Бутылку цверга я потерял при бегстве.
– Проклятый! – кричал я в ярости, стуча кулаками по деревьям. – Ты же говорил, что ты не бес, что не зло!
Послышалось, будто ветер донес:
– Но и не сказал, что добро, дылда. Или, думаешь, творческая мысль знает границы?
Последовавшие восемь лет прошли будто в пьяном угаре. Забыв обо всем, шалил я по всей Империи, забавлялся, пытаясь развеять тоску. Увы, не помогало. Веселье без радости – удел нечестивца.
Обманывал и предавал: воров, убийц, монахов, праведников, попрошаек, богатеев, простонародье, дворян. Крал. Смеялся – без чувства.
Благодетельствовал: их же. Награбленные монеты рекой текли из моих карманов, фонтанами рассыпались по мостовым.
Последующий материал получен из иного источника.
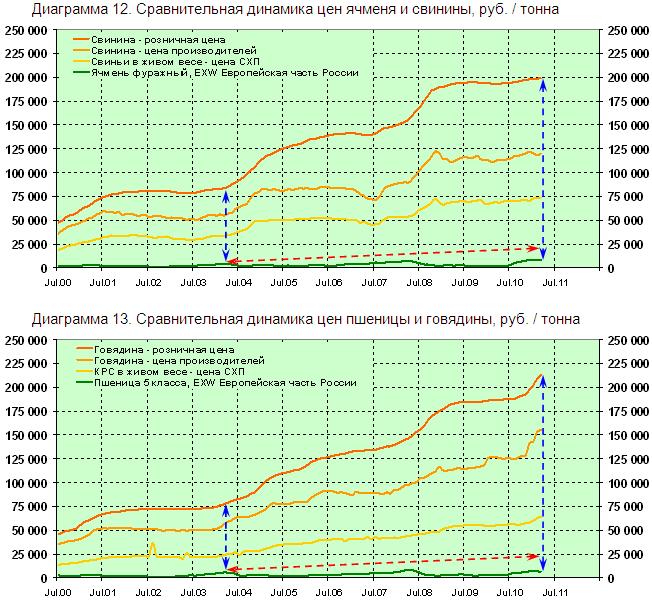* — синие стрелки, разница между розничной ценой птицы и мяса и ценой реализации зерна

Улыбался – без доброты.
Золото цвергов обращается в медь на свету не потому, что буквально становится медью, а потому, что не имеет для владельца никакой ценности.
За лютню я не брался все эти годы.
Как-то рассвет застал меня в придорожной корчме. Каша варилась, пиво лилось рекой, а за дальним столом сидел бродячий поэт и нудно рассказывал про Тиля Уйленшпигеля.
Поэт был грязен, неопрятен, ремеслом своим он явно зарабатывал на жизнь и к сословию миннезингеров не принадлежал, будучи явным бюргером.
Много лет назад я засмеял бы его из цеховой вражды. Сейчас мне было все равно.
Впрочем, что-то заставило прислушаться к немудрящим его байкам.
– А сейчас, – говорил он, – поведаю я вам, как наш Тиль обманул докторов в Нюрнберге и оттого великое множество больных бежали на улицу, а многие и померли. А потом – о том, как он священника храм осквернить заставил и в придачу за это ему бочку пива выкатить. А еще…
Я слушал – и чувствовал, как холодеют руки.
– Мастер, – сказал я. – Вы что-то напутали. Тиль – добродушный остряк, живший полвека назад, наказывавший тех, кто это заслужил, – и то нестрашно. Что же вы за басни плетете?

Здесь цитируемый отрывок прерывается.